Em época de unificação global da comunicação, o mundo vira a nossa aldeia. E, para mim, Cannes Lions cada vez mais se parece com o clube da cidade de José Bonifácio que conheci um dia, ali no centro da cidade, ao lado da sorveteria do Zé Tomate e perto da Escola Estadual Severino Reino. É muito prazeroso ver a comunidade global se encontrando, trocando ideias e daí você dá os descontos: tem os filhos de fazendeiros, os herdeiros de famílias importantes que não construíram nada, só continuam a fazer o que a família sempre fez com o dinheiro que herdou. Mas alguns são legais, outros nem tanto, mas estão ali.
Nesse clube tem também os atletas que se infiltram sem pagar o título. Só com o talento. Dando um jeito. Também tem os filhinhos de papai que fazem o que querem na cidade e dão a carteirada: sabe com quem você está falando? E os rebeldes, que tumultuam o status quo. Você precisa encontrar a sua turma e, de preferência, seguir interagindo e se divertindo.
Uma das críticas mais capiciosas e interesseiras que ouço sobre Cannes é que a boa ideia regional e de linguagem local não consegue se destacar por lá. Apenas as feitas para o festival. Se isso fosse verdade não haveria um outdoor gigantesco do Washington dentro do Palais contando ao mundo sua importância, como teve este ano. E acho uma visão estreita sobre o mundo comunicante que estamos vivendo agora. Então, separei algumas ideias com as quais fiquei encantado pela simplicidade e poderiam ter sido feitas em qualquer aldeia, inclusive aqui, na nossa.

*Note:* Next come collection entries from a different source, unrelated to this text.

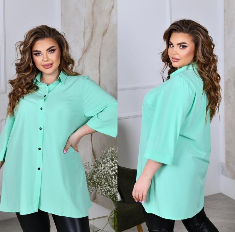 Цвет как на фото 5 Однотонная блузка Ткань: супер-софт Размеры: 60-62 Длина рубашки: 89 см Длина рукава от горловины: 47 см Обхват рукава: 50 см 60-62: ОГ 132 ОТ 146 ОБ 166 см
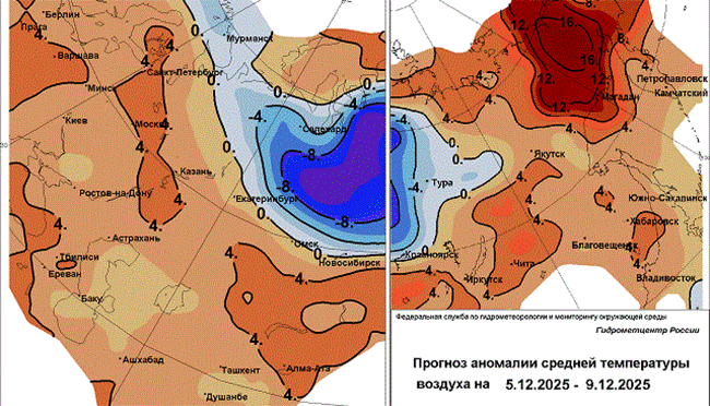 «В субботу и в воскресенье с западным ветром температурный фон еще будет выше нормы на 7-10 градусов, снег ожидается лишь местами. В ночь на понедельник со сменой ветра (подует северный) начнет распространяться холодная арктическая воздушная масса, что приведет к понижению температуры до климатической нормы. При этом ожидаются снегопады, в северных районах – сильные, высота снежного покрова там может повыситься на 4-8 см. В последующие дни с северо-запада опустится холодный антициклон, осадки прекратятся, а морозы будут усиливаться и распространяться дальше – на юг. Температурный фон уже станет ниже климатической нормы на 4-8 градусов. По предварительным данным, 9-10 декабря в ночные часы столбики термометров будут опускаться до минус 21-26. В последующие дни морозы начнут ослабевать», – прокомментировали в Челябинском ЦГМС.
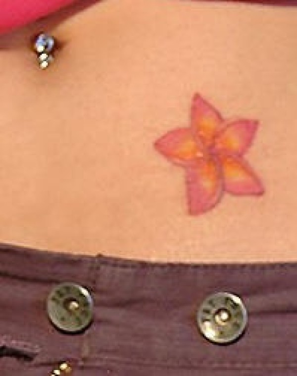 腹部彩色小清新花朵纹身图案
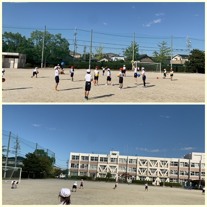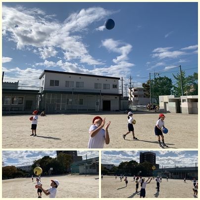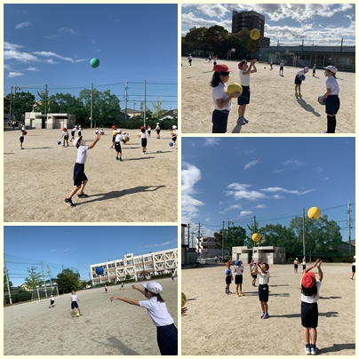2年生が体育の授業でボール遊びをしていました。さわやかな秋空の下、ボールを空高く投げ上げてとても気持ちよさそうでした!

Algumas ideias lá do clube de Cannes. Aumenta o preço! Em época de inflação, teve um mercadinho metido a besta que congelou os preços e, para divulgar isso, foi ousado. Resolveu dizer que tinha o menor preço. Não sobrou dinheiro para comprar muito espaço de propaganda, mas ele tinha uma marca própria. Fez o quê? Tirou a própria marca da embalagem e imprimiu bem grande o preço daquele produto. Quem faz isso não vai subir os preços a toda hora, não é mesmo? E todo mundo entendeu essa verdade. A marca própria vendeu mais que as marca-marcas.
Teve também o causo da passagem de trem. O pessoal costumava entrar no trem sem pagar, daí, para incentivar a compra de passagem, passaram a fazer uma loteria com o número da passagem. Quem comprava um ticket de trem estava, na verdade, com um ticket de loteria e concorria a prêmios em dinheiro. O pessoal não gosta de pagar passagem, mas adora uma fezinha. Vale para Índia, para José Bonifácio.
E para o problema sério de agressão à mulher, uma seguradora resolveu se comprometer, foi lá e colocou no contrato de seguro três palavrinhas a mais na cobertura de sinistros: agressão a mulher. Em caso de agressão à mulher, o seguro (feito pelo agressor) cobriria um lugar para a mulher ficar. Essa ideia então foi direto onde as pessoas mudam o comportamento: o bolso.
Teve uma outra muito boa do fabricante de Vaselina, que decidiu pegar na mentira todos os vídeos que estão nas redes usando seu produto. Daí criou um time de cientistas para verificar o conteúdo de cada um, se era mentira ou verdade. E saiu por aí dando troféus para quem falava a verdade e avisando a audiência quando o uso do produto não era correto ou colocava em risco as pessoas. Tão simples e tão bom.
Ideias tão boas que parecem até propaganda brasileira, da boa, feita aqui. Aliás da Vaselina, inclusive, foi o Grand Prix que o Marco Versolato ganha todo ano lá para Asia, onde trabalha. Cada vez que encontrava ideias assim, lembrava da aula da Maria Carmem sobre comunicação, abordando o filósofo canadense Marshall McLuhan, que na década de 1960 criou o conceito de aldeia global. Aconteceu simplesmente. Eu canto a minha aldeia e o mundo ouve. Mas é preciso escutar também. Lá no clube do Centro de Bonifácio, ou em Cannes, já não sei mais, você precisa encontrar a sua turma. Aturando os herdeiros, se esquivando dos valentões, mas se divertindo no meio de muita gente boa. Ou encontrar outro clube.